Did Jason write that exerpt or was it just a snippet of one of his conversations?
Happy Read a Book Day to you, too!
Oh crap. I missed the day. I will be sure to post my favorite excerpt tomorrow. I will march around the house, chanting it naked to make up for my laxness today.
These are the moments I wish I read romance novels, so I could quote something really funny from them. I bet one could make a whole site just with that concept.
I refuse to recognize Read a Book Day based on the fact that, in spite of my urgent coaxing, there is still no Write a Book Day. *grin*
You could probably kill two birds with one stone if you walk down your road with an open can of tuna and a few slices of ham. Every dog and cat miles around would follow you thus creating a parade of sorts, then you could pen them up and call it a petting zoo.

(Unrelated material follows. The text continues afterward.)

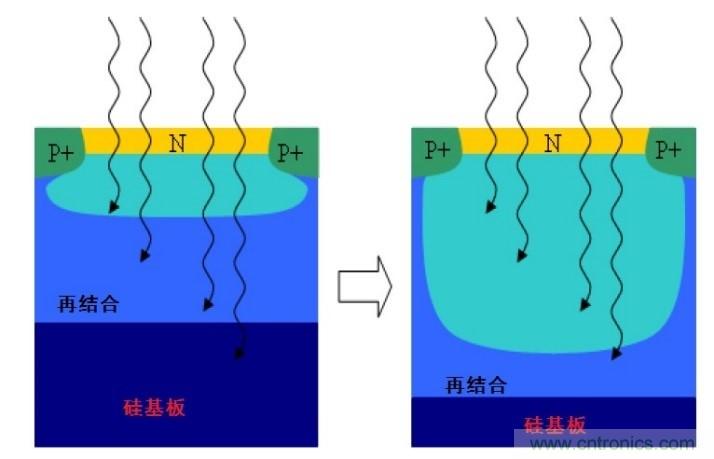 因?yàn)檫@個(gè)原因,ITCCD不能從BSI中獲益。而高端CCD因?yàn)槭褂么怪笨箷灩に?,所以沒(méi)有這一限制。而CMOS也具有同一特點(diǎn):在薄的感測(cè)層上,因?yàn)殡姾刹粫?huì)在像素之間滲透,所以沒(méi)有串?dāng)_的缺點(diǎn)。結(jié)果是ITCCD和標(biāo)準(zhǔn)CIS都能夠?qū)崿F(xiàn)良好的空域解析度或調(diào)制轉(zhuǎn)換函數(shù)(modulated transfer function,MTF) 。要增加NIR部份和敏感度,需要顯著增加物料厚度,但是厚物料會(huì)增加光電串?dāng)_,引致MTF衰減。成像質(zhì)量是MTF和QE的綜合結(jié)果(即所謂的檢測(cè)量子效率Detective Quantum Efficiency,DQE),所以必需同時(shí)考量空域和時(shí)域因素。圖6顯示利用硅摻雜方法恢復(fù)MTF的深耗盡(deep depletion)光電二極管。一般來(lái)說(shuō),CIS使用類(lèi)似集成電路的常用技術(shù)(特別是DRAM/內(nèi)存工藝)生產(chǎn),所以不會(huì)牽涉上述的特定工藝配方。不過(guò)近期的技術(shù)研究文章展示適用于CIS的特定工藝導(dǎo)入方案,能實(shí)現(xiàn)出色的QE改進(jìn)甚至相對(duì)接近高端CCD的水平(見(jiàn)圖5)。最新的CMOS技術(shù)趨勢(shì)可說(shuō)是突飛猛進(jìn),引進(jìn)了如導(dǎo)光板、深槽隔離(deep trench isolation,DTI)、埋藏微透鏡,以及在光敏范圍下嵌入包含像素晶體管的迭層芯片等技術(shù)。
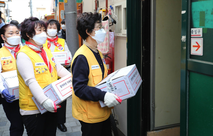 '대한적십자사 서울시지사'가 지난 13일 코로나19 감염병 예방을 위해 서울시내 쪽방촌 재난취약계층 전가구에 긴급구호품을 지원했다. 이번 긴급구호품 지원은 서울시의 협조 요청에 따라 이뤄진 1차 긴급구호품 500가구 지원에 이은 추가 전달로, 서울시내 쪽방촌 재난취약계층 전가구인 총 3085가구에 전달됐다. 사진은 관계자들이 긴급구호품을 전달하는 모습. (사진제공=대한적십자사 서울시지사)

Oh. But you'd better have a boom box for that parade. Parades really need music.
jpr: it sounds like something you've already tried
rhodent: whatcha reading?
Chickie: ha ha! another good idea
Mariana: one could. I should rewrite the whole blog, in fact, as if I were living in a romance novel. now that would be something
Weary Hag: you are quite creative :) and yes, parades always need music. It's really too bad that cats and dogs can't play kazoos
Need a trombone in the Calypso-Cajun marching band (as long as I can wear shorts and tennies)?
Go Gonzo!
Comfort addict: heh heh! I wish I could play a musical instrument
kazoos are highly overrated. give me a dog who can work the trombone, then you've got something sister!
hope the book was good. nice excerpt.